Chez Beti - a small seaside safari camp near the village of Nyonie owned and operated by a French ex-pat. Clean, air-conditioned cottages and all-inclusive family style meals accompany the evening Landcruiser and sunrise walking safaris. Wildlife sightings can include elephants, buffalo, monkeys, parrots, hornbills and other local fauna. The camp is located just a few km south of the equator, along a pristine stretch of beach. Prices are very reasonable and include roundtrip transportation from the marina in Libreville; consisting of an hour long boat transit to a small landing in the mangroves, followed by a 45 minute 4x4 trip along jungle roads to the camp. Contact information: tel. 07 57 14 23 or 06 03 36 36, e-mail: castorene7@live.fr

photo by Minnecologies

Eating

The Balbool restaurant serves delicious western food with very cheap prices. Ask for the big Balbool soup.

Drinking

The cheapest local beer is Regab, it costs from 350-1000 CFA and comes in a 650ml bottle. There are fantastic fruit juices available: "D'jino" Pampelmousse (grapefruit), Ananas (pineapple), Citron (Lemon) in 300ml bottles at CFA 400 and in a 1,5l bottle at CFA 900 if bought in a shop.

Sleeping

There are three international name hotels - Le Meridien, Intercontinental and the Novotel. Apart from these, there are several other budget and economy hotels.

Long term lease on apartments is also an option.

Climate

Tropical; always hot, humid. During the months of June to September, the climate is a little cooler (20-25°C).

Terrain

Narrow coastal plain; hilly interior; savanna in east and south. Highest point is Mont Iboundji at 1,575 metres.

History

The earliest inhabitants of the area were Pygmy peoples. They were largely replaced and absorbed by Bantu tribes as they migrated.

In the 15th century, the first Europeans arrived. The nation's present name originates from "Gabão", Portuguese for "cloak", which is roughly the shape of the estuary of the Komo River close to the capital of Libreville. French explorer Pierre Savorgnan de Brazza led his first mission to the Gabon-Congo area in 1875. He founded the town of Franceville, and was later colonial governor.
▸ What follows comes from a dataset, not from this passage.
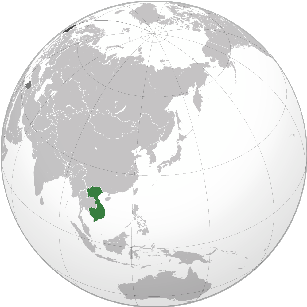 Green: French IndochinaDark gray: Other French possessionsDarkest gray: French Republic Note: Thin white lines designate the subdivisions of French Indochina that now constitute modern-day Vietnam
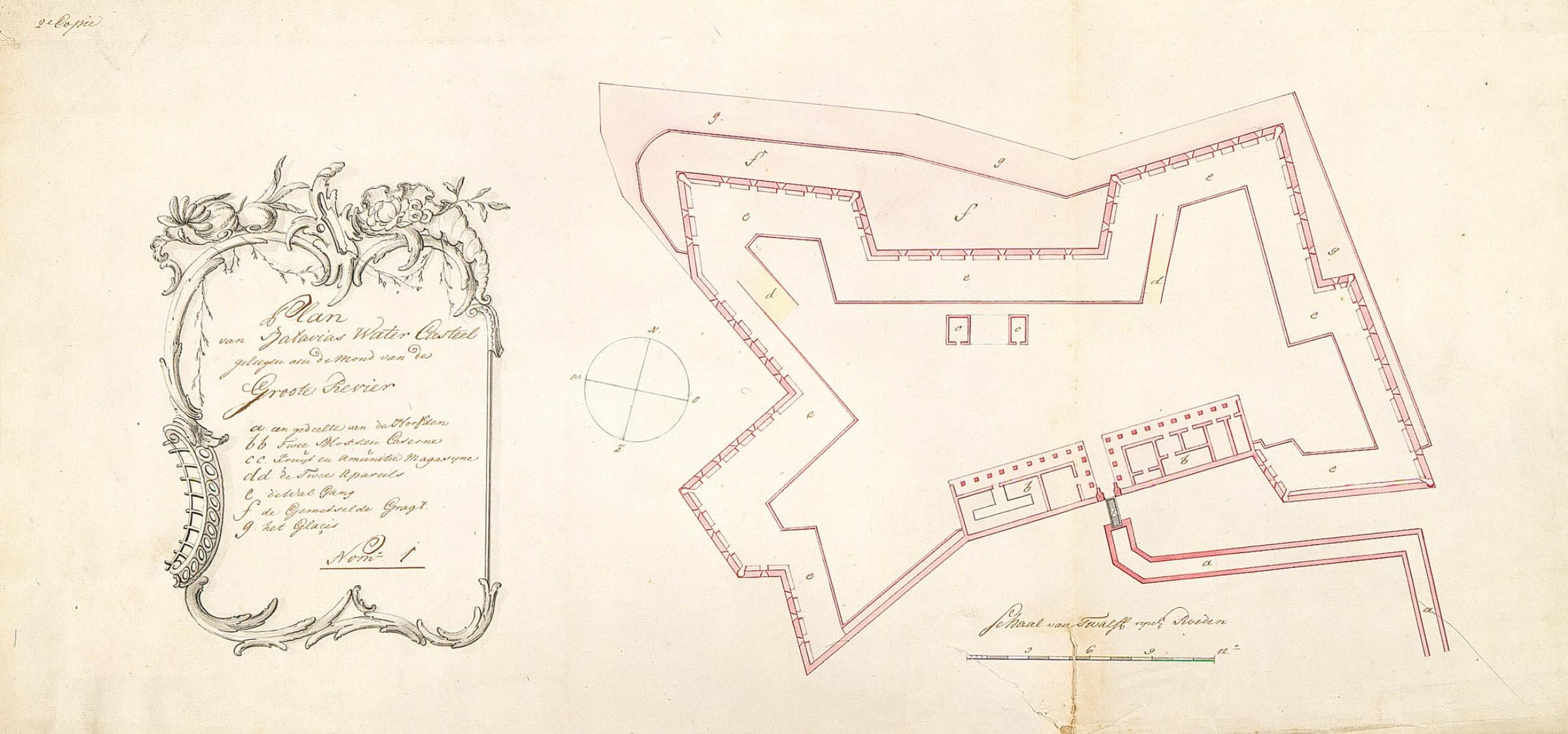 According to the Leupe catalogue (NA), the original title reads: Plan van Batavia's Water-Casteel, geleegen aan de mond van de Groote Rivier. The map is marked: 2e Copie. Notes on reverse: No. 1.b. [written in both the top left and top right corners].

Several Bantu groups lived in the area that is now Gabon when France officially occupied it in 1885.

In 1910, Gabon became one of the four territories of French Equatorial Africa, a federation that survived until 1959. These territories became independent on August 17, 1960.

Since independence, Gabon has been one of the more stable African. Autocratic President Omar Bongo was in power from 1967 until his death in 2009. Gabon introduced a multiparty system and a new constitution in the early 1990s that allowed for a more transparent electoral process and for reforms of governmental institutions. A small population, abundant natural resources, and considerable foreign support have helped make Gabon one of the more prosperous sub-Saharan African countries. Despite being made up of more than 40 ethnic groups, Gabon has escaped the strife afflicting other West African states.